Assim, a música se juntou a “Samba do Ernesto”, “Já Fui em Brasa”e “O Casamento do Moacir”, ficando ‘esquecidas’ por um tempo, só voltando a serem gravadas quando os artistas puderam ser livres novamente.  

O que foi o AI-5? 

Emitido em 13 de dezembro de 1968, o Ato Institucional nº5, mais conhecido como AI-5, inaugurou o período mais sombrio da ditadura militar brasileira. 

“O Ato era uma reedição dos conceitos trazidos para o léxico político em 1964. Restabeleciam-se as demissões sumárias, cassações de mandatos, suspensões de direitos políticos. Além disso, suspendiam-se as franquias constitucionais da liberdade de expressão e de reunião. Um artigo permitia que se proibisse ao cidadão o exercício de sua profissão. Outro patrocinava o confisco de bens”, explica Élio Gaspari no livro ‘A Ditadura Envergonhada’. 

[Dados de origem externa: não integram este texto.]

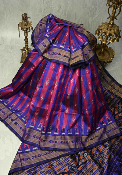 Ink Purple-Magenta Handloom Sambalpuri Ikkat Silk Saree with Stripes Design and Border, No Blouse Piece | SILK MARK CERTIFIED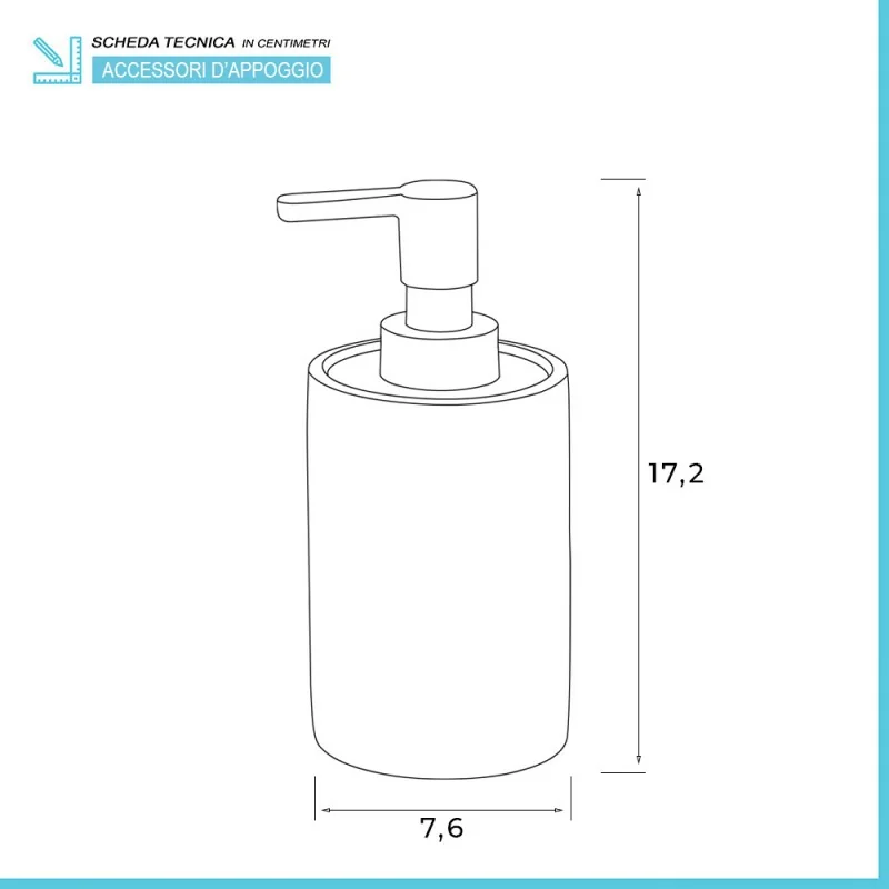 Il dispenser da appoggio per sapone liquido Gedy serie Afrodite arricchisce il tuo bagno con gusto contemporaneo,realizzato in cemento con finitura grigia e particolari in bamboo è completo di erogatore in ABS cromato con finitura satinata. La pompa dosasapone è removibile per potere facilitare il rabbocco del liquido lavamani,arrivando ad una capacità di 130 ml. La gamma di accessori bagno da appoggio Afrodite può essere completata con tutti gli altri elementi:portasapone,portaspazzolino,portaoggetti e portascopino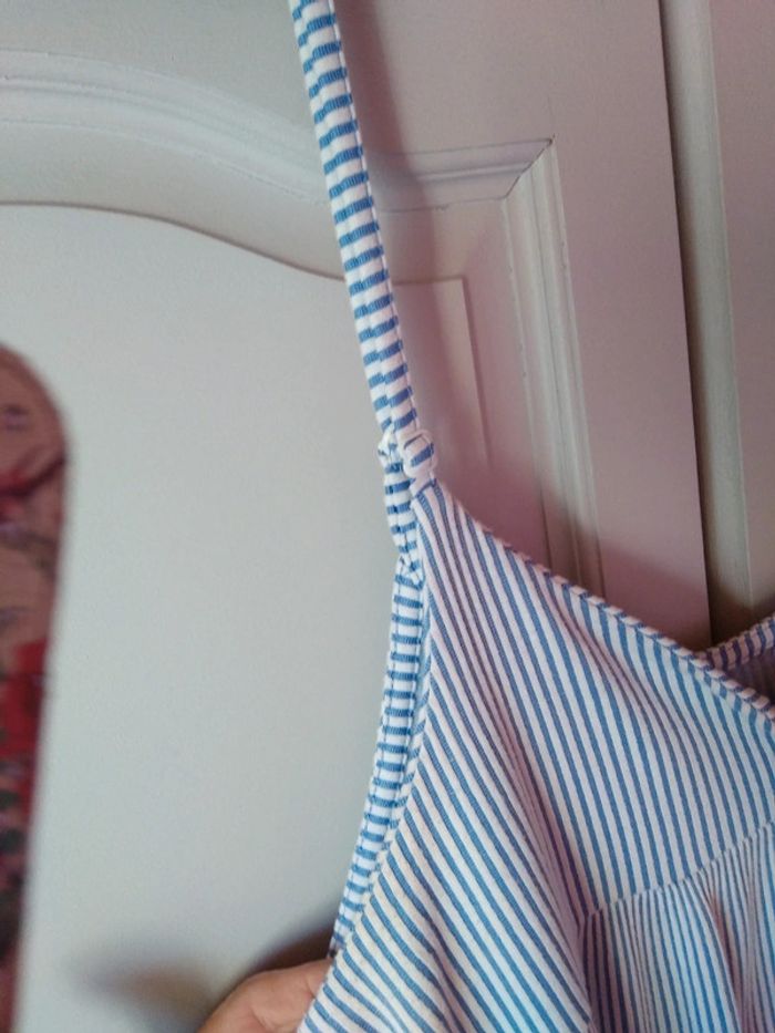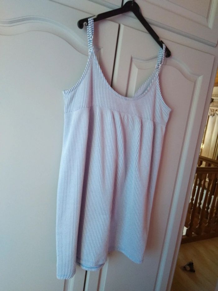 Vend robe rayée à bretelles réglable grosse longueur sans bretelle comprise 76 cm largeur sous aisselle 51 pas de photo porter

O AI-5 também suspendia o habeas corpus, uma ferramenta legal que impede o Estado de realizar coação ilegal. Até a restituição desse direito com a revogação do AI-5, em 13 de outubro de 1978, o governo passava a ter o poder de prender cidadãos por tempo indeterminado, sem precisar sequer se dar ao trabalho de apresentar uma acusação contra eles. 

Ao longo desses quase dez anos, todo cidadão brasileiro estava sujeito a ser preso por 60 dias, sendo dez deles em regime de incomunicabilidade. Como efeito imediato do ato, 500 pessoas perderam seus direitos políticos; e 5 juízes de instância, 95 deputados e 4 senadores perderam seus mandatos.